───── RECORDED INFORMATION
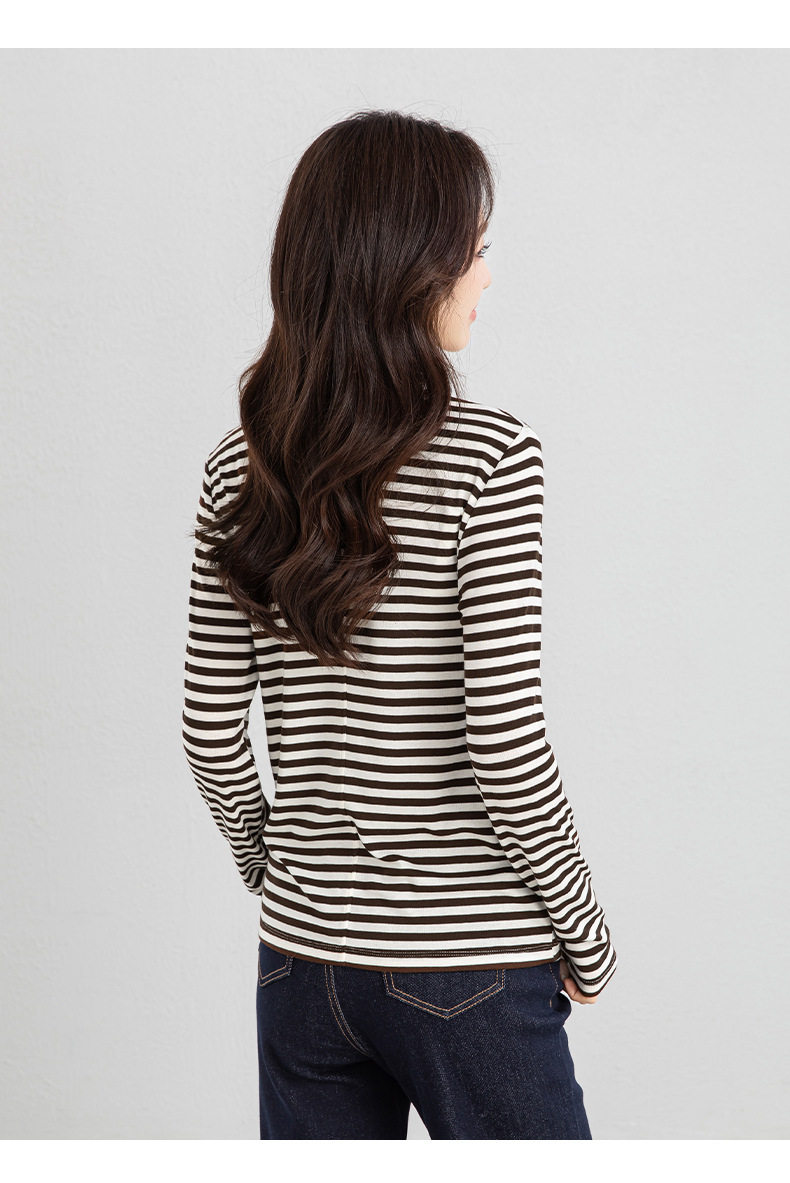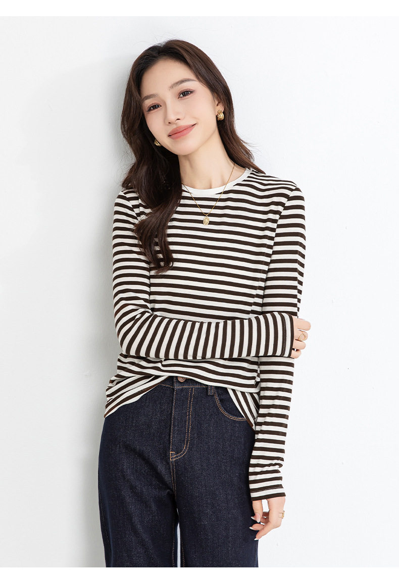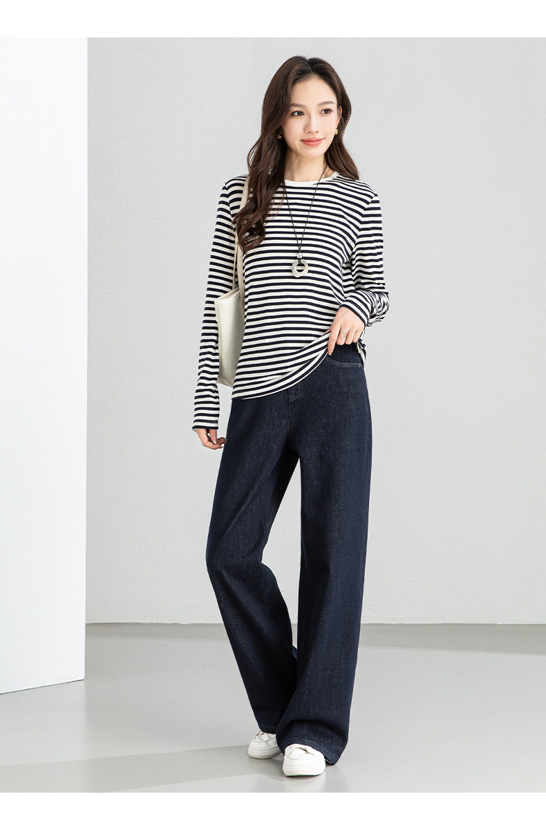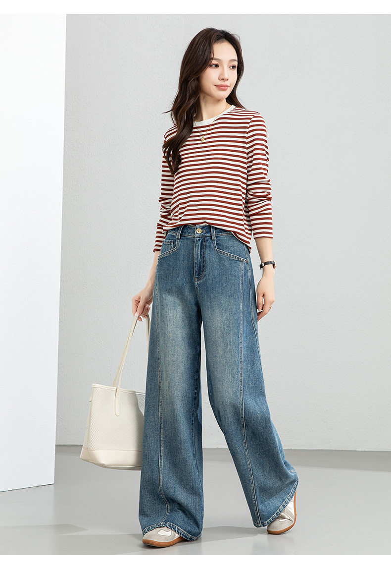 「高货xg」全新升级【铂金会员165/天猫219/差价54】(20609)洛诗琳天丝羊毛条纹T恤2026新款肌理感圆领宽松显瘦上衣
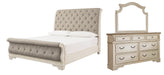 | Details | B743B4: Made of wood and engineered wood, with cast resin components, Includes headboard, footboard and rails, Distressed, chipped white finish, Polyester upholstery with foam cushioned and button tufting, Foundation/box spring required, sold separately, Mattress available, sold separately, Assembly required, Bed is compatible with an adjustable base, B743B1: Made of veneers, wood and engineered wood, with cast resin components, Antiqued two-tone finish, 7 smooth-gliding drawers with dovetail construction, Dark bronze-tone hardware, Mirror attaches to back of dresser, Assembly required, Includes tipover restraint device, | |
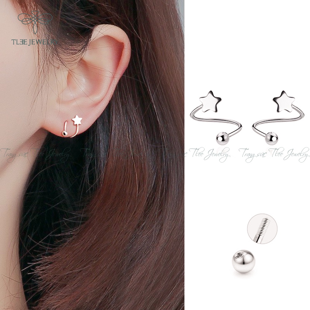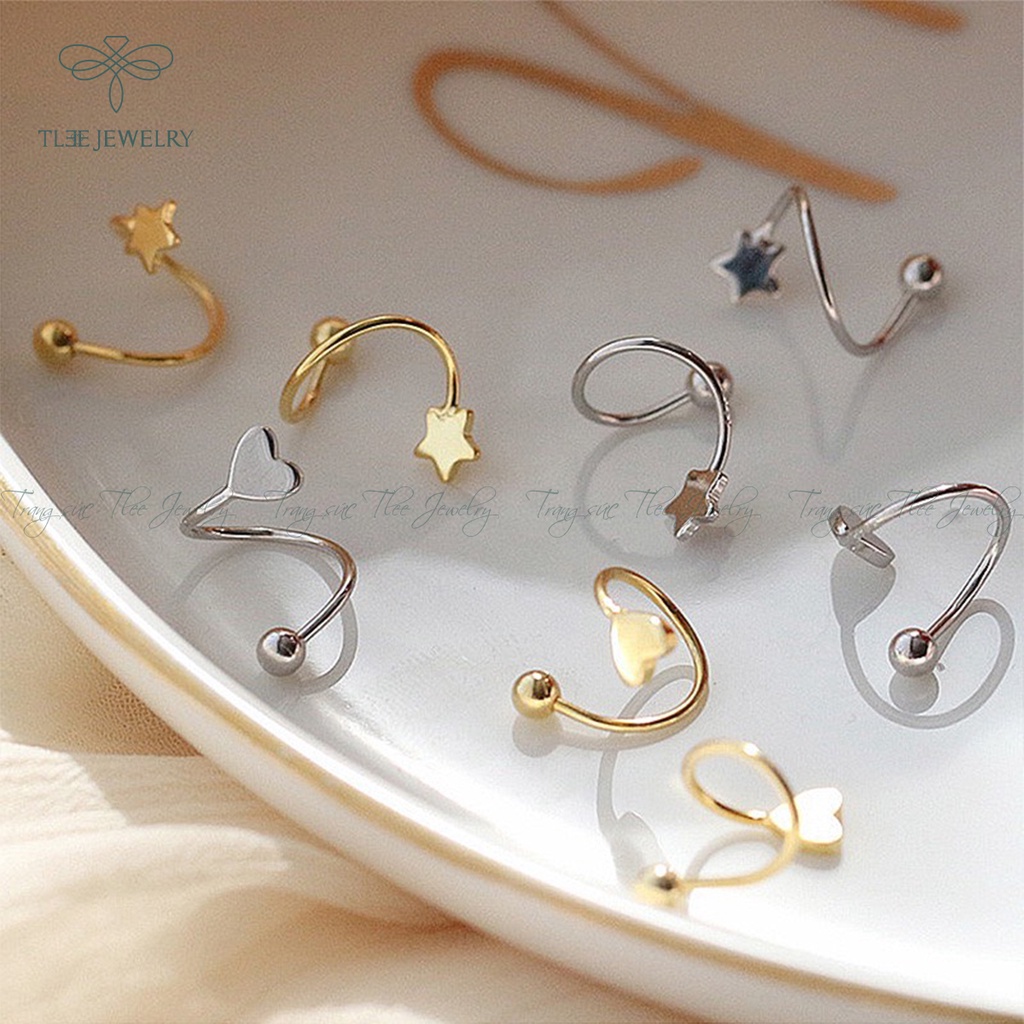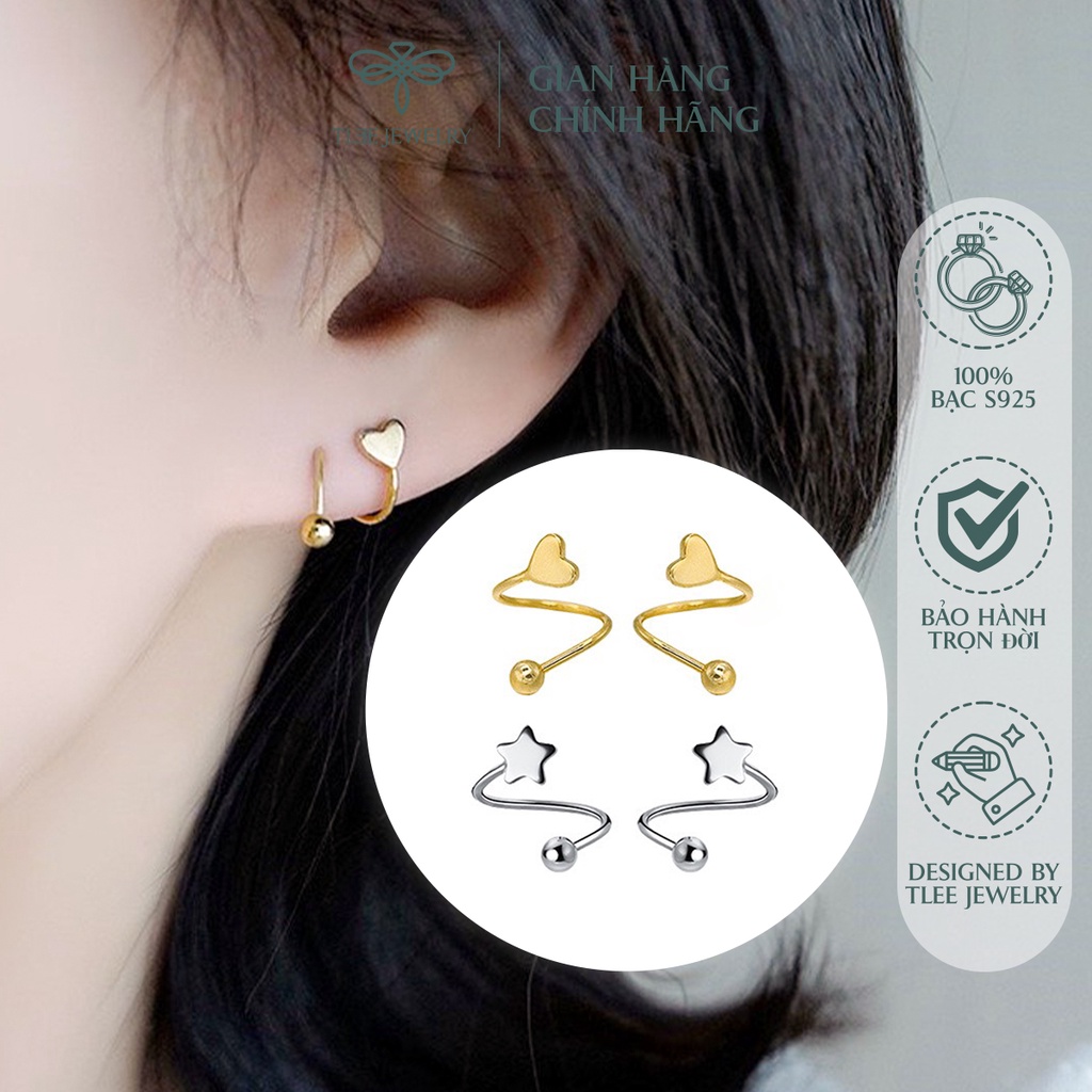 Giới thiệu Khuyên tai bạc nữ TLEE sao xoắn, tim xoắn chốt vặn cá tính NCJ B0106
──────────
**HOW TO COMPLETE THIS TASK:** Omit the pictures and repeat the rest of the listing verbatim.

**SOLUTION TO THIS TASK:**
 「高货xg」全新升级【铂金会员165/天猫219/差价54】(20609)洛诗琳天丝羊毛条纹T恤2026新款肌理感圆领宽松显瘦上衣
 | Details | B743B4: Made of wood and engineered wood, with cast resin components, Includes headboard, footboard and rails, Distressed, chipped white finish, Polyester upholstery with foam cushioned and button tufting, Foundation/box spring required, sold separately, Mattress available, sold separately, Assembly required, Bed is compatible with an adjustable base, B743B1: Made of veneers, wood and engineered wood, with cast resin components, Antiqued two-tone finish, 7 smooth-gliding drawers with dovetail construction, Dark bronze-tone hardware, Mirror attaches to back of dresser, Assembly required, Includes tipover restraint device, | |
 Giới thiệu Khuyên tai bạc nữ TLEE sao xoắn, tim xoắn chốt vặn cá tính NCJ B0106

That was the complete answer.